** What the task requires **
What's wanted here is the full listing below, repeated exactly, with no images in it.

** Data below **
- Opening Delimiter -

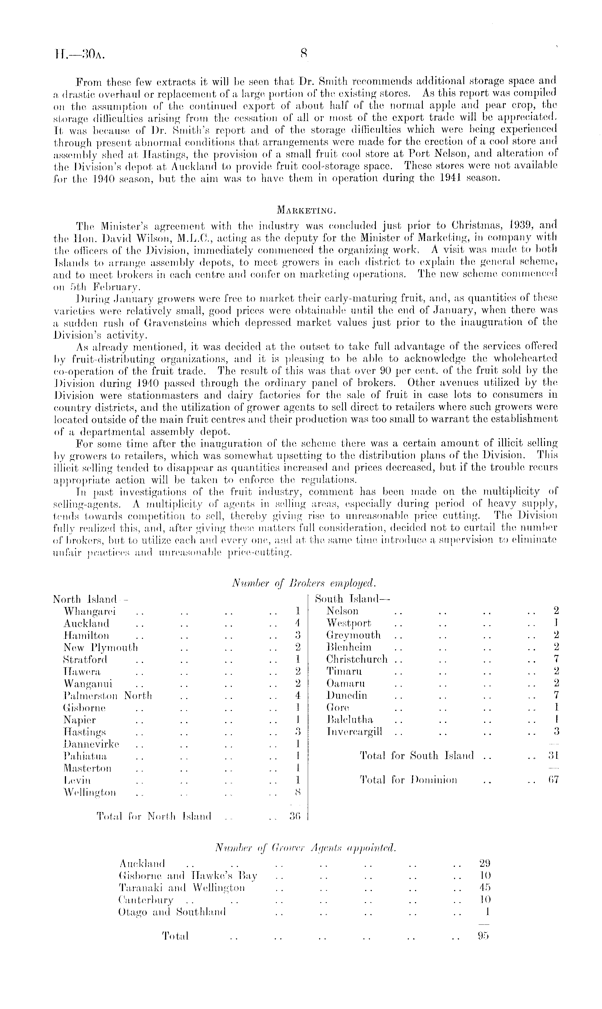 From these few extracts it will be segn that Dr, Smith recommends additional storage space and a drastic overhaul or replacement of a large portion of the existing stores. As this report was compiled on the assumption of the continued export of about half of the normal apple and pear crop, the storage difficulties arising from the cessation of all or most of the export trade will be appreciated, It was because of Dr. Smith's report and of the storage difficulties which were being experienced through present abnormal conditions that arrangements were made for the erection of a cool store and assembly shed at Hastings, the provision of a small fruit cool store at Port Nelson, and alteration of the Division's depot at Auckland to provide fruit cool-storage space. These stores were not available for the 1940 season, but the aim was to have them in operation during the 1941 season. Marketing. The Minister's agreement with the industry was concluded just prior to Christmas, 1939, and the Hon. David Wilson, M.L.C., acting as the deputy for the Minister of Marketing, in company with the officers of the Division, immediately commenced the organizing work, A visit was made to both Islands to arrange assembly depots, to meet growers in each district to explain the general scheme, and to meet brokers in each centre and confer on marketing operations. The new scheme commenced on sth February. During January growers were free to market their early-maturing fruit, and, as quantities of these varieties were relatively small, good priccs were obtainable until the end of January, when there was a sudden rush of Gravensteins which depressed market values just prior to the inauguration of the Division's activity. As already mentioned, it was decided at the outset to take full advantage of the services offered by fruit-distributing organizations, and it is pleasing to be able to acknowledge the wholehearted co-operation of the fruit trade. The result of this was that over 90 per cent, of the fruit sold by the Division during 1940 passed through the ordinary panel of brokers. Other avenues utilized by the Division were stationmasters and dairy factories for the sale of fruit in case lots to consumers in country districts, and the utilization of grower agents to sell direct to retailers whore such growers were located outside of the main fruit centres and their production was too small to warrant the establishment of a departmental assembly depot. For some time after the inauguration of the scheme there was a certain amount of illicit selling by growers to retailers, which was somewhat upsetting to the distribution plans of the Division. This illicit selling tended to disappear as quantities increased and prices decreased, but if the trouble recurs appropriate action will be taken to enforce the regulations. In past investigations of the fruit industry, comment has been made on the multiplicity of selling-agents. A multiplicity of agents in selling areas, especially during period of heavy supply, tends towards competition to sell, thereby giving rise to unreasonable price cutting. The Division fully realized this, and, after giving these matters fall consideration, decided not to curtail the number of brokers, but to utilize each and every one, and at the same time introduce a supervision to eliminate unfair practices and unreasonable price-cutting. Number of Brokers employed. North Island— South Island— Whangarei .. .. .. 1 Nelson .. .. .. 2 Auckland .. .. .. 4 Westport .. .. .. 1 Hamilton .. .. .. 3 Greymouth . . .. .. 2 New Plymouth .. . . 2 Blenheim .. .. . . 2 Stratford .. .. .. 1 Christchurch .. .. .. 7 Hawera .. .. .. 2 Timaru .. .. .. 2 Wanganui .. . . . . 2 Oamaru .. .. .. 2 Palmerston North . . . . .. 4 Dunedin . . . . . . 7 Gisborne .. .. .. 1 Gore .. .. .. 1 Napier .. .. .. 1 Balclutha .. .. .. .. 1 Hastings .. .. .. 3 Invercargill .. .. .. 3 Dannevirke ........ 1 — Pahiatua .. .. .. 1 Total for South Island .. 31 Masterton ........ 1 Levin .. .. .. 1 Total for Dominion .. G7 Wellington .. . . .. 8 Total for North Island .. .. 36 Number of Grower Agents appointed. Auckland .. .. .. .. .. .. 29 Gisborne and Hawke's Bay .. .. .. .. 10 Taranaki and Wellington . . .. .. .. 45 Canterbury .. . . .. . . . . .. 10 Otago and Southland .. . . . . .. .. 1 Total ~ ~ .. .. .. .. 95
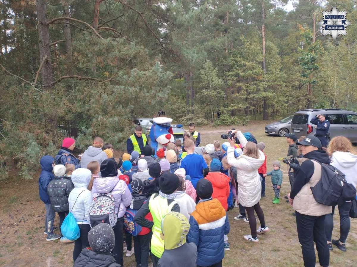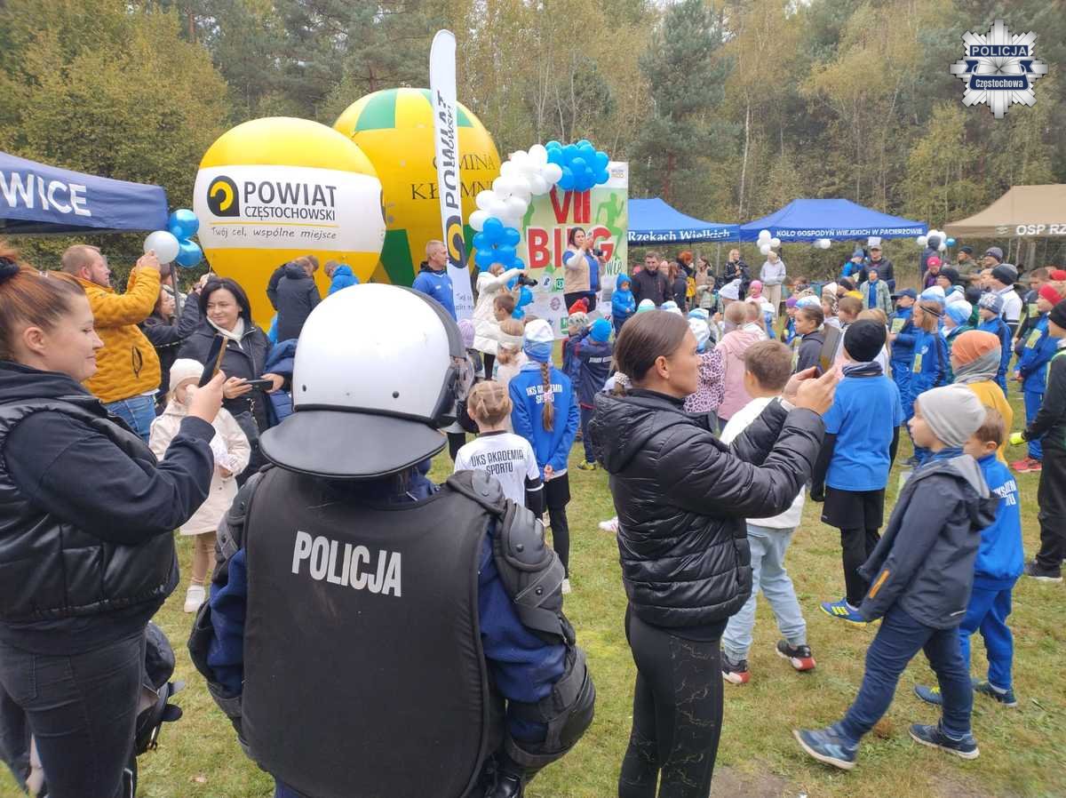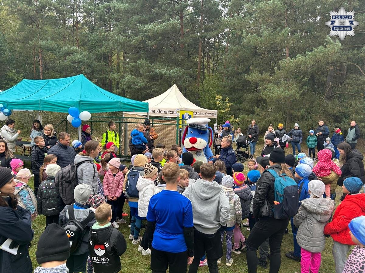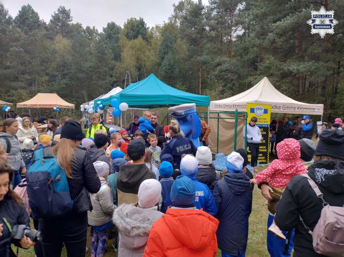 Dlatego dzielnicowi z Kłomnic sierż. szt. Aneta Saternus i sierż. szt. Sergiusz Nowak przeprowadzili prelekcję wśród dzieci i młodzieży na temat szeroko pojętego bezpieczeństwa. A sierżant Damian Przygoda i sierżant Adrian Ryszczyk z częstochowskiej drogówki, mówili o bezpiecznych zachowaniach na drodze. Mundurowi zachęcali i młodzież i dorosłych do używania elementów odblaskowych szczególnie o tej porze roku, gdy warunki pogodowe są zmienne, szybciej zapada zmrok, a widoczność na drodze pogarsza się. Uczyli bezpiecznych zachowań nie tylko na drodze ale także w internecie i w życiu codziennym. Dzielnicowym towarzyszyła maskotka Śląskiej Policji- Sznupek, którego dzieci uwielbiają. Każdy mógł się do niego przytulić i zrobić pamiątkowe zdjęcie.
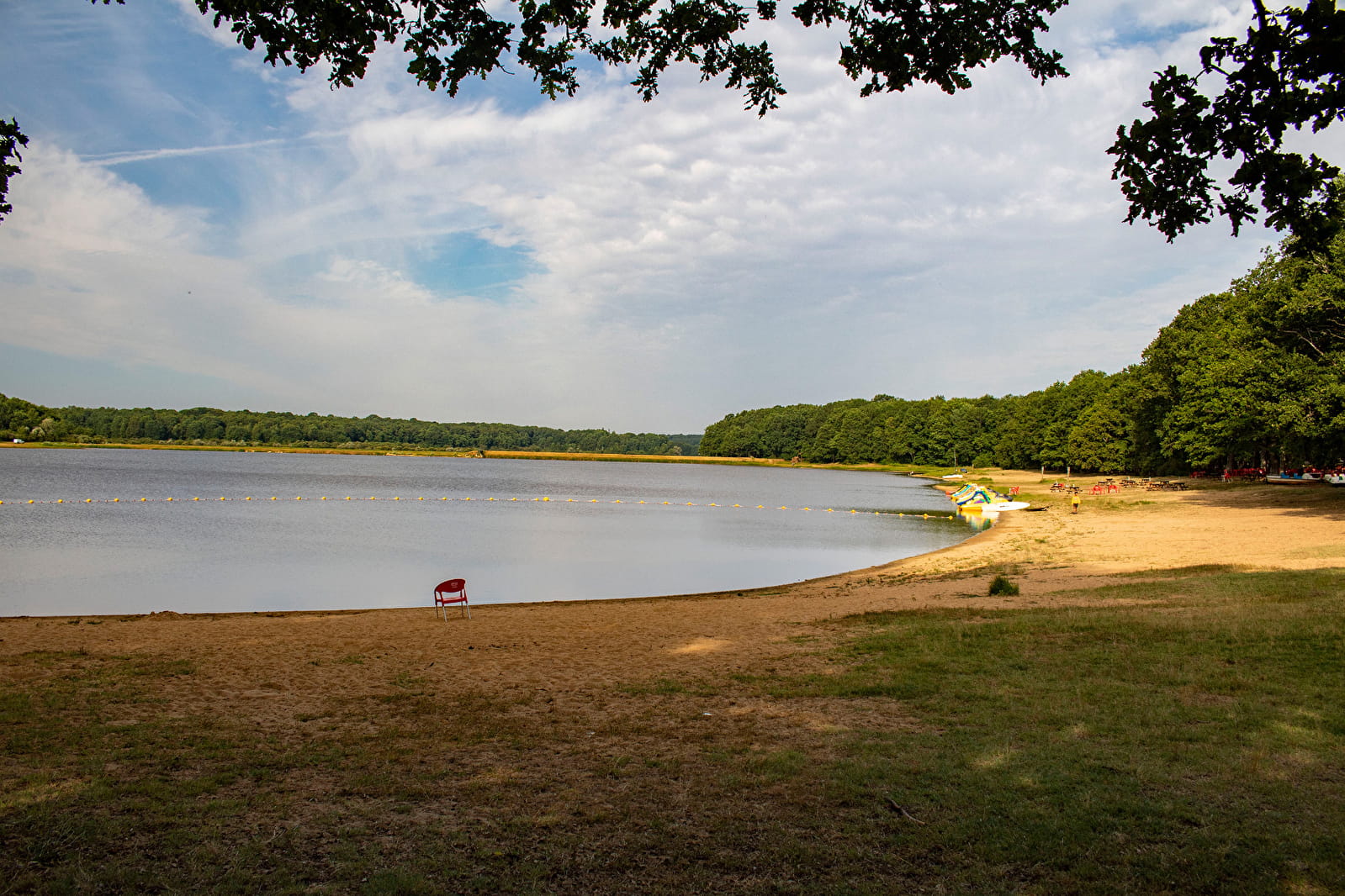(5) Revenir sur ses pas et, au croisement avec le chemin transversal, tourner sur la droite en prenant le chemin sableux ou bien longer la berge si le niveau d'eau le permet. Passer devant les lieux de restauration. En bout, obliquer à gauche, traverser la route avec prudence pour rejoindre le parking (D/A).

- Closing Delimiter -

** Solution to the problem **
 From these few extracts it will be segn that Dr, Smith recommends additional storage space and a drastic overhaul or replacement of a large portion of the existing stores. As this report was compiled on the assumption of the continued export of about half of the normal apple and pear crop, the storage difficulties arising from the cessation of all or most of the export trade will be appreciated, It was because of Dr. Smith's report and of the storage difficulties which were being experienced through present abnormal conditions that arrangements were made for the erection of a cool store and assembly shed at Hastings, the provision of a small fruit cool store at Port Nelson, and alteration of the Division's depot at Auckland to provide fruit cool-storage space. These stores were not available for the 1940 season, but the aim was to have them in operation during the 1941 season. Marketing. The Minister's agreement with the industry was concluded just prior to Christmas, 1939, and the Hon. David Wilson, M.L.C., acting as the deputy for the Minister of Marketing, in company with the officers of the Division, immediately commenced the organizing work, A visit was made to both Islands to arrange assembly depots, to meet growers in each district to explain the general scheme, and to meet brokers in each centre and confer on marketing operations. The new scheme commenced on sth February. During January growers were free to market their early-maturing fruit, and, as quantities of these varieties were relatively small, good priccs were obtainable until the end of January, when there was a sudden rush of Gravensteins which depressed market values just prior to the inauguration of the Division's activity. As already mentioned, it was decided at the outset to take full advantage of the services offered by fruit-distributing organizations, and it is pleasing to be able to acknowledge the wholehearted co-operation of the fruit trade. The result of this was that over 90 per cent, of the fruit sold by the Division during 1940 passed through the ordinary panel of brokers. Other avenues utilized by the Division were stationmasters and dairy factories for the sale of fruit in case lots to consumers in country districts, and the utilization of grower agents to sell direct to retailers whore such growers were located outside of the main fruit centres and their production was too small to warrant the establishment of a departmental assembly depot. For some time after the inauguration of the scheme there was a certain amount of illicit selling by growers to retailers, which was somewhat upsetting to the distribution plans of the Division. This illicit selling tended to disappear as quantities increased and prices decreased, but if the trouble recurs appropriate action will be taken to enforce the regulations. In past investigations of the fruit industry, comment has been made on the multiplicity of selling-agents. A multiplicity of agents in selling areas, especially during period of heavy supply, tends towards competition to sell, thereby giving rise to unreasonable price cutting. The Division fully realized this, and, after giving these matters fall consideration, decided not to curtail the number of brokers, but to utilize each and every one, and at the same time introduce a supervision to eliminate unfair practices and unreasonable price-cutting. Number of Brokers employed. North Island— South Island— Whangarei .. .. .. 1 Nelson .. .. .. 2 Auckland .. .. .. 4 Westport .. .. .. 1 Hamilton .. .. .. 3 Greymouth . . .. .. 2 New Plymouth .. . . 2 Blenheim .. .. . . 2 Stratford .. .. .. 1 Christchurch .. .. .. 7 Hawera .. .. .. 2 Timaru .. .. .. 2 Wanganui .. . . . . 2 Oamaru .. .. .. 2 Palmerston North . . . . .. 4 Dunedin . . . . . . 7 Gisborne .. .. .. 1 Gore .. .. .. 1 Napier .. .. .. 1 Balclutha .. .. .. .. 1 Hastings .. .. .. 3 Invercargill .. .. .. 3 Dannevirke ........ 1 — Pahiatua .. .. .. 1 Total for South Island .. 31 Masterton ........ 1 Levin .. .. .. 1 Total for Dominion .. G7 Wellington .. . . .. 8 Total for North Island .. .. 36 Number of Grower Agents appointed. Auckland .. .. .. .. .. .. 29 Gisborne and Hawke's Bay .. .. .. .. 10 Taranaki and Wellington . . .. .. .. 45 Canterbury .. . . .. . . . . .. 10 Otago and Southland .. . . . . .. .. 1 Total ~ ~ .. .. .. .. 95
 Dlatego dzielnicowi z Kłomnic sierż. szt. Aneta Saternus i sierż. szt. Sergiusz Nowak przeprowadzili prelekcję wśród dzieci i młodzieży na temat szeroko pojętego bezpieczeństwa. A sierżant Damian Przygoda i sierżant Adrian Ryszczyk z częstochowskiej drogówki, mówili o bezpiecznych zachowaniach na drodze. Mundurowi zachęcali i młodzież i dorosłych do używania elementów odblaskowych szczególnie o tej porze roku, gdy warunki pogodowe są zmienne, szybciej zapada zmrok, a widoczność na drodze pogarsza się. Uczyli bezpiecznych zachowań nie tylko na drodze ale także w internecie i w życiu codziennym. Dzielnicowym towarzyszyła maskotka Śląskiej Policji- Sznupek, którego dzieci uwielbiają. Każdy mógł się do niego przytulić i zrobić pamiątkowe zdjęcie.
(5) Revenir sur ses pas et, au croisement avec le chemin transversal, tourner sur la droite en prenant le chemin sableux ou bien longer la berge si le niveau d'eau le permet. Passer devant les lieux de restauration. En bout, obliquer à gauche, traverser la route avec prudence pour rejoindre le parking (D/A).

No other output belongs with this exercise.